BEGIN Exercise materials
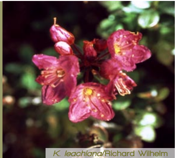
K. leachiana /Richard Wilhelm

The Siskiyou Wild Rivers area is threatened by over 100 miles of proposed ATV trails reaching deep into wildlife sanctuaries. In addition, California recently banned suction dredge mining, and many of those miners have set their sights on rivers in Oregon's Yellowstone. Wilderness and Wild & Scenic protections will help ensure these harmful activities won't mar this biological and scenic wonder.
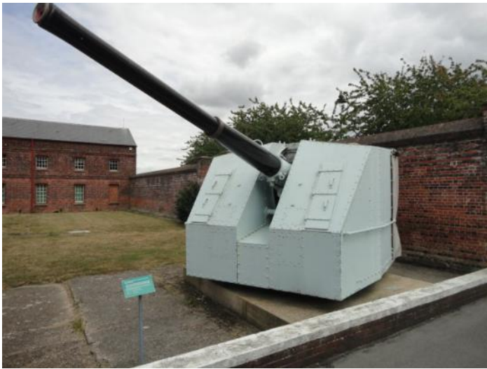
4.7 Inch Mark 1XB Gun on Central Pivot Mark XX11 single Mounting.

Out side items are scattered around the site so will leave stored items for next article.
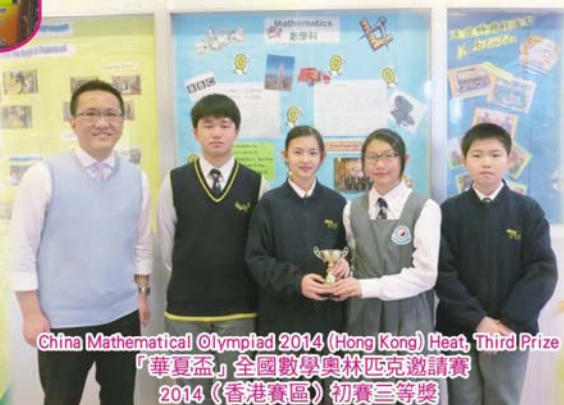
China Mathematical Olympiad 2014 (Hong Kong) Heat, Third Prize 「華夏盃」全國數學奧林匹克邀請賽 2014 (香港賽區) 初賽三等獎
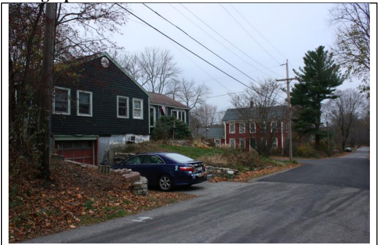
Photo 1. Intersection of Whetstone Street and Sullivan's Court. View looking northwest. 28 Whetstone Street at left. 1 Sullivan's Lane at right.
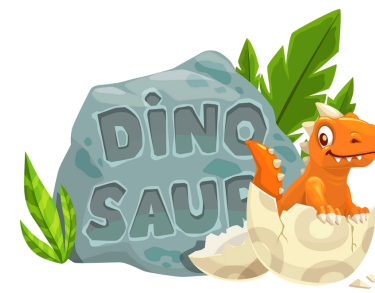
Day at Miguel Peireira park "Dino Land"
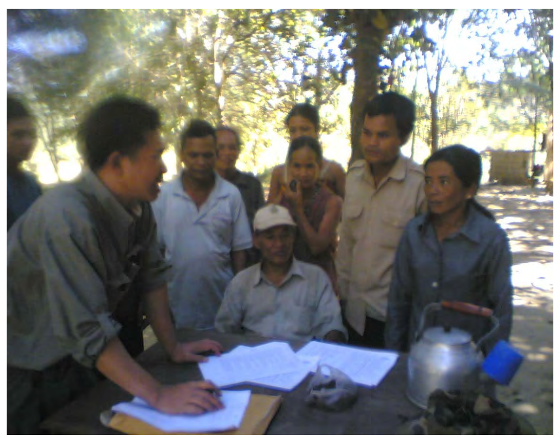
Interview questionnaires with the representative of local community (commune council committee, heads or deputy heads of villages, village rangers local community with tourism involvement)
END Exercise materials
BEGIN Exercise materials
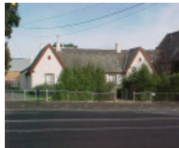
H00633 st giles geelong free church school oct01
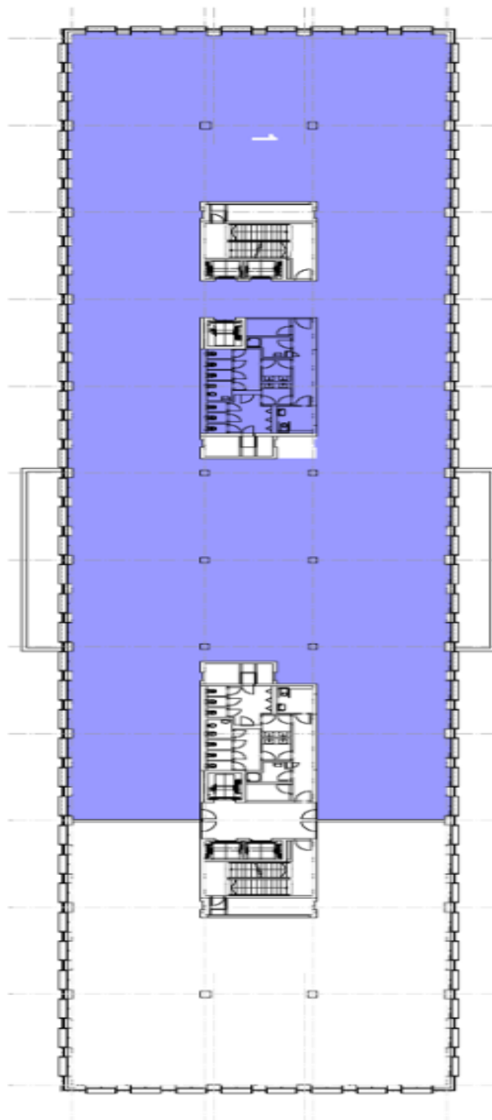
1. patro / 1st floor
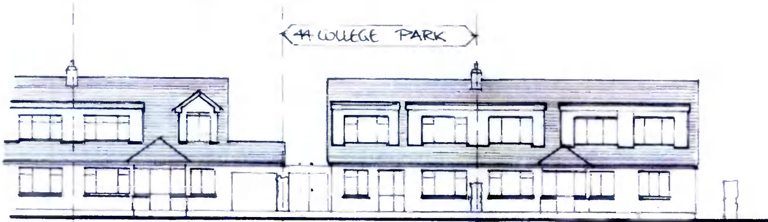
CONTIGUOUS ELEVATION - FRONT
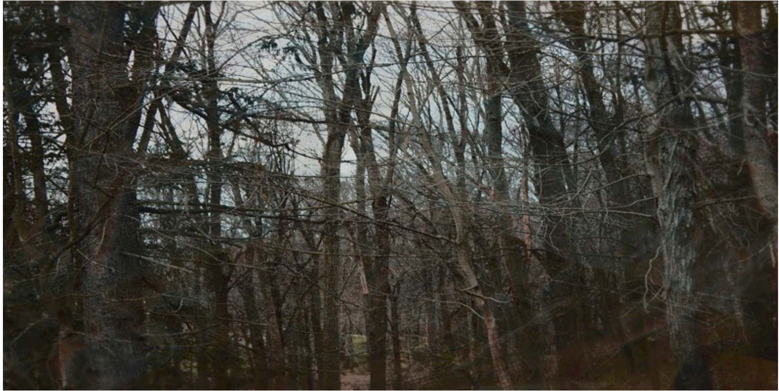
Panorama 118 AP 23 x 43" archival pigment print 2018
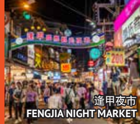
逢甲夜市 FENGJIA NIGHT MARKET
END Exercise materials
**Problem requirements:**
For the string "will", give the number of lines in the entries that contain it, with no other words.

**Answer space:**
2